◆ Data ◆
● ● ● ●
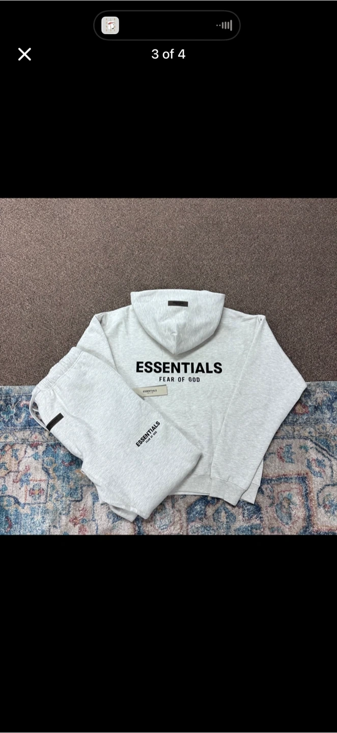 This is a Fear of God Essentials hoodie and sweatpants set in a heather grey colour. It's made from a soft, comfortable material, perfect for everyday wear. The set includes a hooded sweatshirt and matching sweatpants.
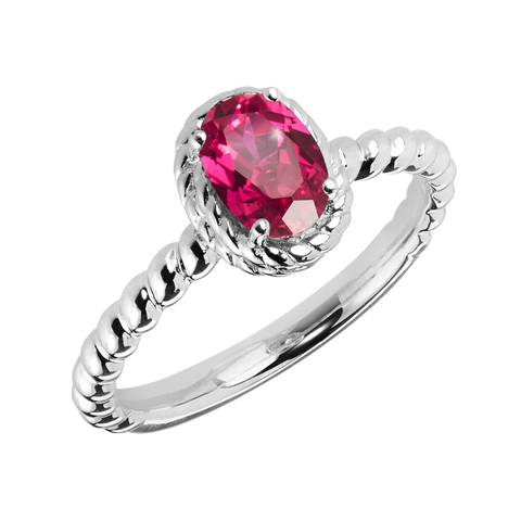 14k White Gold 5mm Round Ruby Ring with Diamond Halo (.35ct Ruby .39cttw Diamond)
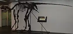 During the 1980s, a team from UNAM's Geological Institute, including Shelton P. Applegate, René Hernández-Rivera, Espinosa-Arrubarrena, the SEPC team, and some volunteers, excavated the remains of a dinosaur near the town of Presa de San Antonio, belonging to the Cerro del Pueblo Formation in the Parras Basin, located in Coahuila, Mexico. The specimen was found by Don Ramón López, which was a juvenile specimen of 6 meters long, 2.2 height at the waist, and an estimated weight of 3 tons, of which 65% was recovered.[2] This was the first dinosaur skeleton from Mexico to be mounted for public display.[3] This specimen, though fairly complete, lacked a skull, but was identified as the saurolophine Kritosaurus sp. based on comparisons with Kritosaurus incurvimanus, which is now considered a more recent synonym of Gryposaurus notabilis.[4] Due to its importance, the skeleton was given the informal name of "Isauria", and it is exhibited in the Museum of the Institute of Geology of the UNAM, Universum, Museo Papalote in the State of Hidalgo, Museo del Desierto, and several private parks. Serrano-Brañas, in 2006, identified one of the bones collected as a supposed nasal, and together with the appendicular skeleton, he referred to the genus Gryposaurus in his thesis.[5][6]
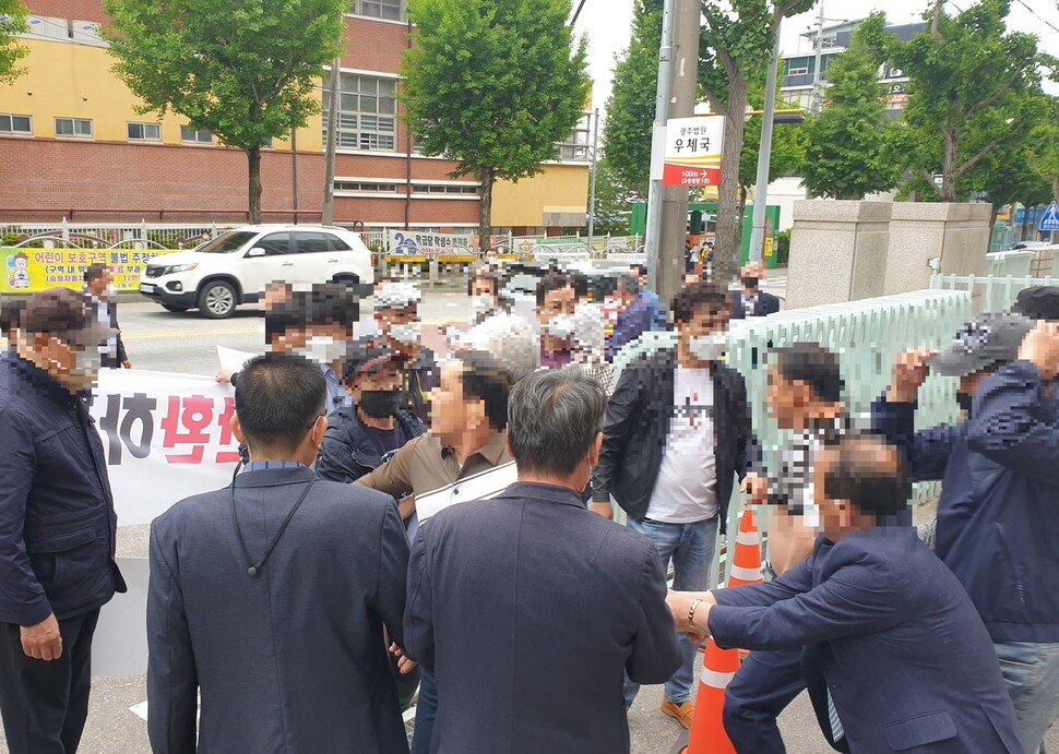 같은 시각 법원 후문 맞은편에서 ‘전두환을 구속하라’ 구호를 외치던 동산초등학교 저학년 학생들은 갑작스러운 어른들의 몸싸움에 깜짝 놀라는 모습이었다. 두 단체 회원들은 지난 3월4일 황기철 국가보훈처장이 국립5·18민주묘지를 방문했을 때도 말싸움을 벌여 빈축을 샀다.
● ● ● ●
◆ Task to carry out ◆
The line containing "14k White Gold" marks the end: transcribe every line from the start of the listing up to and including it, minus the pictures.

◆ Output of the exercise ◆
 This is a Fear of God Essentials hoodie and sweatpants set in a heather grey colour. It's made from a soft, comfortable material, perfect for everyday wear. The set includes a hooded sweatshirt and matching sweatpants.
 14k White Gold 5mm Round Ruby Ring with Diamond Halo (.35ct Ruby .39cttw Diamond)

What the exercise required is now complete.